Task to carry out:
Each line from the one holding "RAM(ラム)は最もライディ" to the last line below must be restated word for word, and no picture may be included.

Data shown:
────
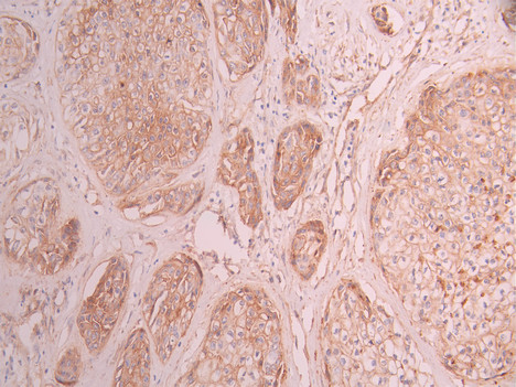IHC image of CSB-RA789994A0HU diluted at 1:100 and staining in paraffin-embedded human pancreatic cancer performed on a Leica BondTM system. After dewaxing and hydration, antigen retrieval was mediated by high pressure in a citrate buffer (pH 6.0). Section was blocked with 10% normal goat serum 30min at RT. Then primary antibody (1% BSA) was incubated at 4°C overnight. The primary is detected by a Goat anti-rabbit polymer IgG labeled by HRP and visualized using 0.05% DAB.
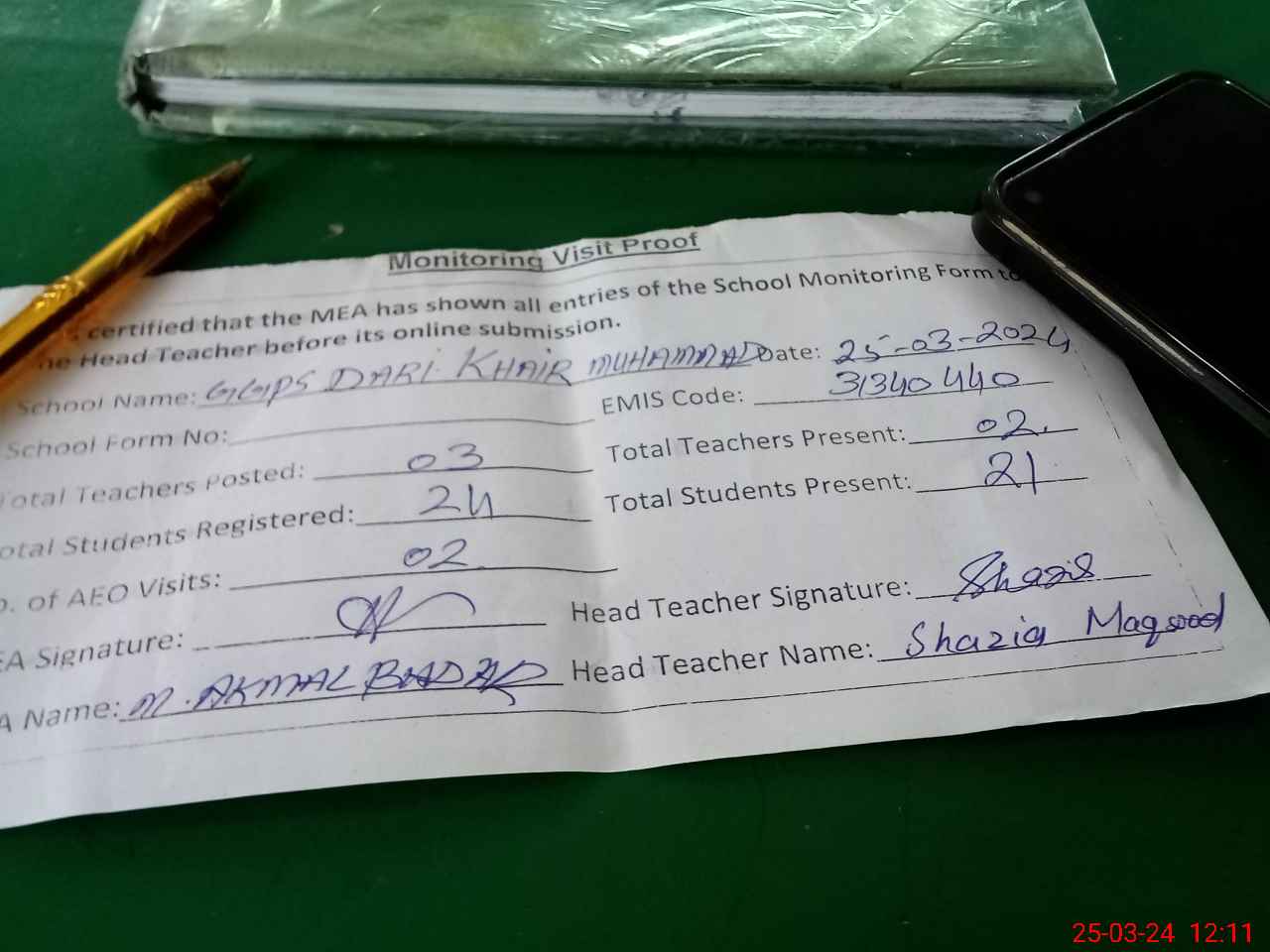 | EMIS Code: 31340440 | Name of School: GGPS DARI KHAIR MUHAMMAD | |||
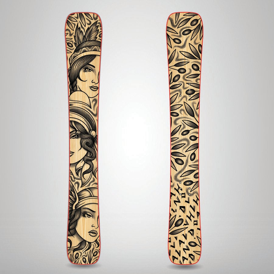 RAM(ラム)は最もライディングにバリエーションを与えるディレクショナルデッキ。ワイドで安定性が高く、ソフトフレックスでポップアップするサブデッキ。キッカーやジブのパークラン、そしてカービングや薄いパウダーランで抜群の性能を発揮する。
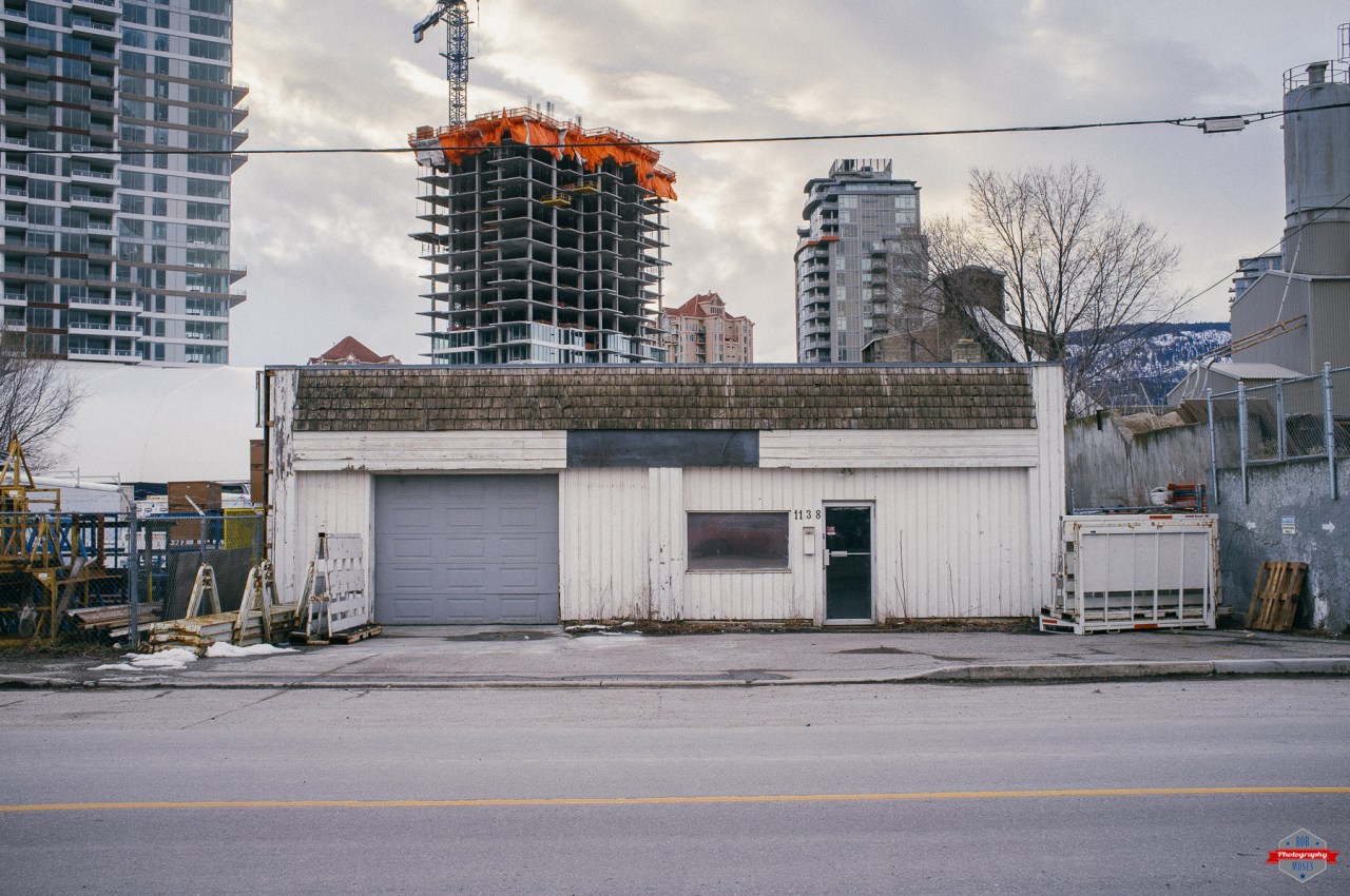 There is a lot of building going on in Kelowna right now and the city is changing. As I walked down this block I couldn’t help but notice the contrast between this little old industrial building and the new condos going up behind it. I wonder how long this building will last? I guess time will tell.
────
Solution for this exercise:
 RAM(ラム)は最もライディングにバリエーションを与えるディレクショナルデッキ。ワイドで安定性が高く、ソフトフレックスでポップアップするサブデッキ。キッカーやジブのパークラン、そしてカービングや薄いパウダーランで抜群の性能を発揮する。
 There is a lot of building going on in Kelowna right now and the city is changing. As I walked down this block I couldn’t help but notice the contrast between this little old industrial building and the new condos going up behind it. I wonder how long this building will last? I guess time will tell.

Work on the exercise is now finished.